Based on my current electric billing at $0.19 per kWh, I can get as many tokens as I can process for $1.48 a day, assuming an uninterrupted daily workload at 100% utilization. (I can guarantee this doesn't happen.) This conveniently ignores the price of hardware today, but if you have some capable hardware on hand, what are you waiting for?
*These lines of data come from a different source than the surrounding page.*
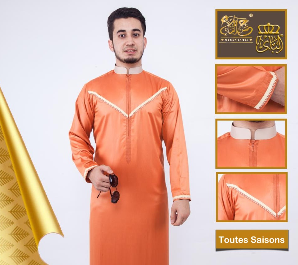 Qamis traditionnel élégant de qualité supérieure tissu satiné pour homme - Couleur orange Vetement & Accessoire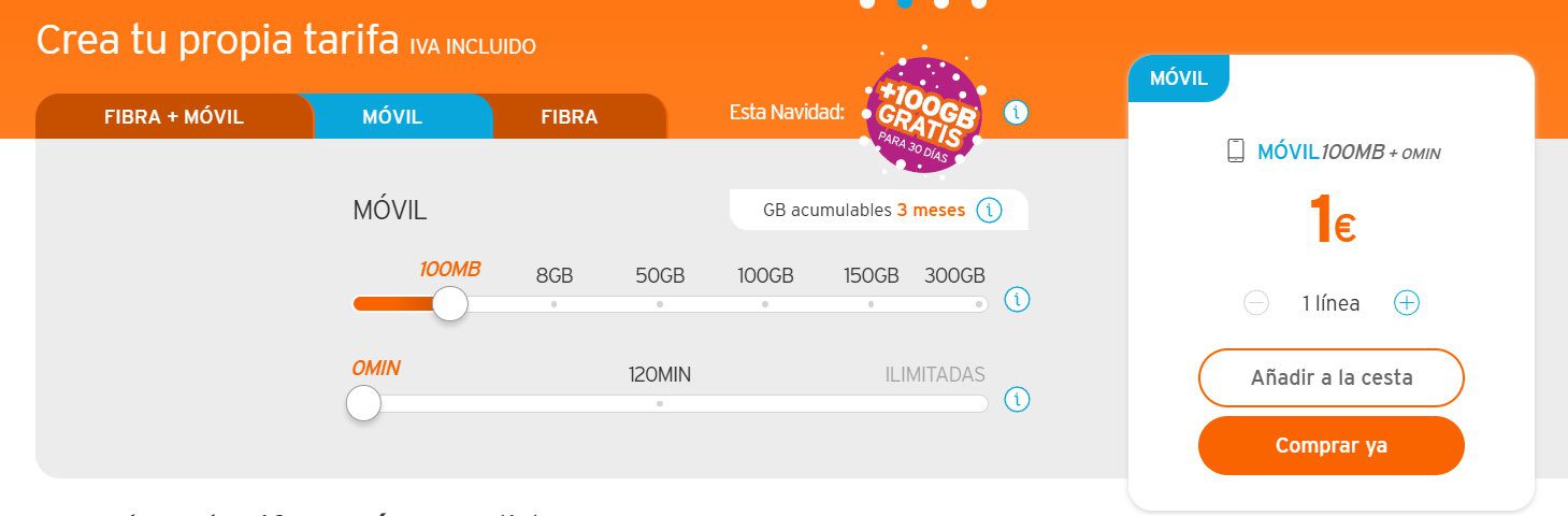 Si quieres puedes elegir una Portabilidad con una tarifa de 1€ (100MB y 0Min).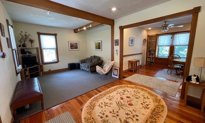 Experience Titusville in this charming 1-bedroom turn of the century bungalow 50 yards from the Delaware canal and river. The home is nestled on a quite street that bridges the Delaware canal and the Delaware river in the historic village of Titusville. It is the first street from scenic Washington Crossing park and a short walk from other park activities. Enjoy walking or biking on the tow path, kayaking in the canal or the river, exploring nearby Lambertville, New Hope and Princeton or just enjoying the evening on the screened in porch or relaxing on he back deck. Philadelphia is about a half hour drive south. Have the feel of being far away but in the convenience of restaurants and shopping. This has been my home of 25 years and I have recently relocated. It has not been renovated recently, but it is relatively updated. Due to a heavy workload, there is some deferred maintenance but it is a relatively modern home (central air, updated lighting, ceiling fans, new range). The front room of the house has a well lit, sunny laptop ready office. The kitchen is small but well stocked (and includes a full sized range, oven, and microwave, Keurig, for coffee). There is a full size washer and dryer. We offer linens and towels for convenience. You're sure to make fantastic memories with a stay at our place.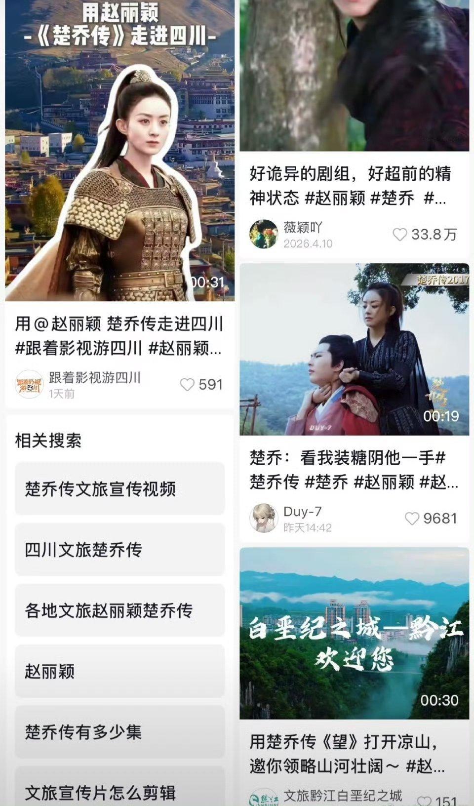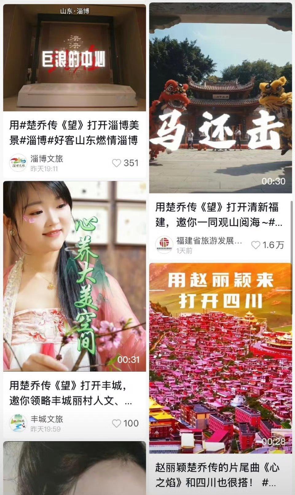 赵丽颖楚乔传ost爆了,各地文旅都在用《楚乔传》的主题曲《望》,在下沉平台刷屏了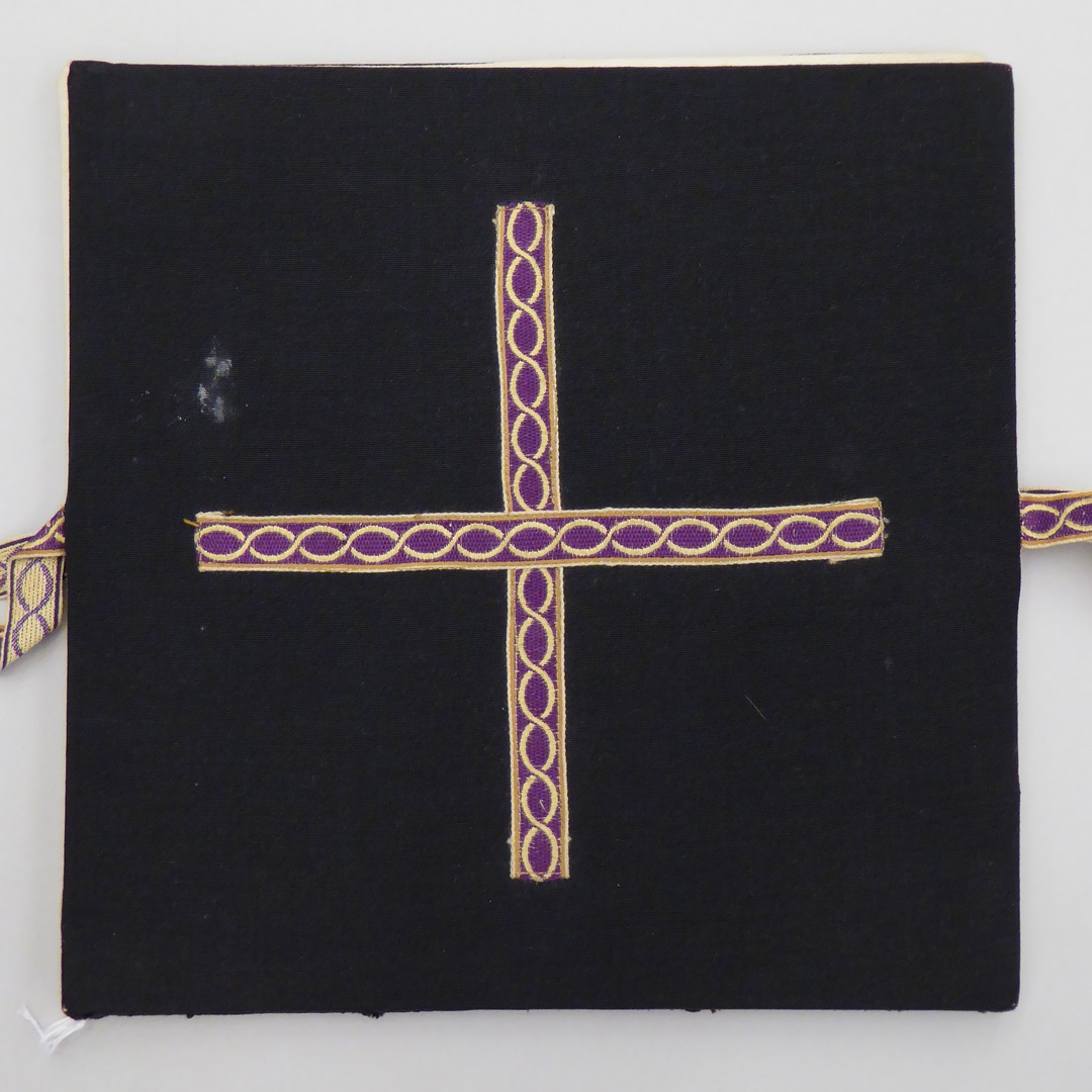 Zwarte beurs met paars-geel galonkruisje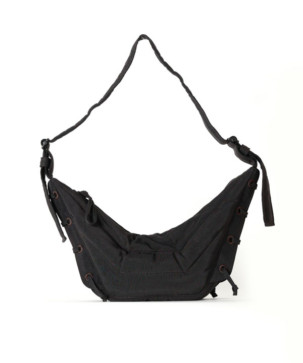 LEMAIRE(ルメール)のアイコンバッグ「クロワッサン」。ミディアム クロワッサンは、パリッとした質感と光沢のある仕上げのコーティング コットン製で、GOT 認証を取得しています。独特の表面が手触りの良さを演出し、耐久性にも貢献しています。同名のペストリーの形にインスピレーションを得たこのビーガン バッグは、トップステッチのカットアウトを組み合わせて、スタイルと機能性を融合しています。

At my highest monthly utilization, I managed to push ~$0.74/day. Not bad, and far cheaper than Claude Opus.
Tempering Expectations
Any model worth running on the edge comes with compromises. Estimates place ChatGPT 5.5 at ~1.5 trillion parameters and most likely at bf16 or greater precision. You're not going to run that at home. (Or if you are, contact me so I can be gifted your hand-me-down parts.)
The models below are distilled to ~30 billion parameters and below at Q4 (4-bit) quantization, which is typical for the local model scene.
One-shot solutions will be fewer and further between, you may have to prompt the model to continue working more often, you may have to correct the model more often, and context management is a must - but you can still be productive with local models.
Current Favorites
Let's meet the contenders.
| Model | Type | Intelligence Index | Release Date |
|---|---|---|---|
| GLM 4.7 Flash 30b a3b | MoE | 30 | 2026-01-19 |
| Qwen3.6 27b | Dense | 46 | 2026-04-22 |
| Qwen3.6 35b a3b | MoE | 43 | 2026-04-22 |
| Gemma 4 26b a4b | MoE | 31 | 2026-04-16 |
| Gemma 4 31b | Dense | 39 | 2026-04-16 |
| Gemma 4 12b | Dense | N/A | 2026-06-03 |
| Gemma 4 12b QAT | Dense | N/A | 2026-06-05 |
(Gemma 4 12b is currently being evaluated at the time of writing.)
The intelligence index above is the score from the Artificial Analysis Intelligence Index, which is a composite score of multiple evaluations. Claude Opus 4.8 with adaptive reasoning and max effort currently holds the highest score at 61.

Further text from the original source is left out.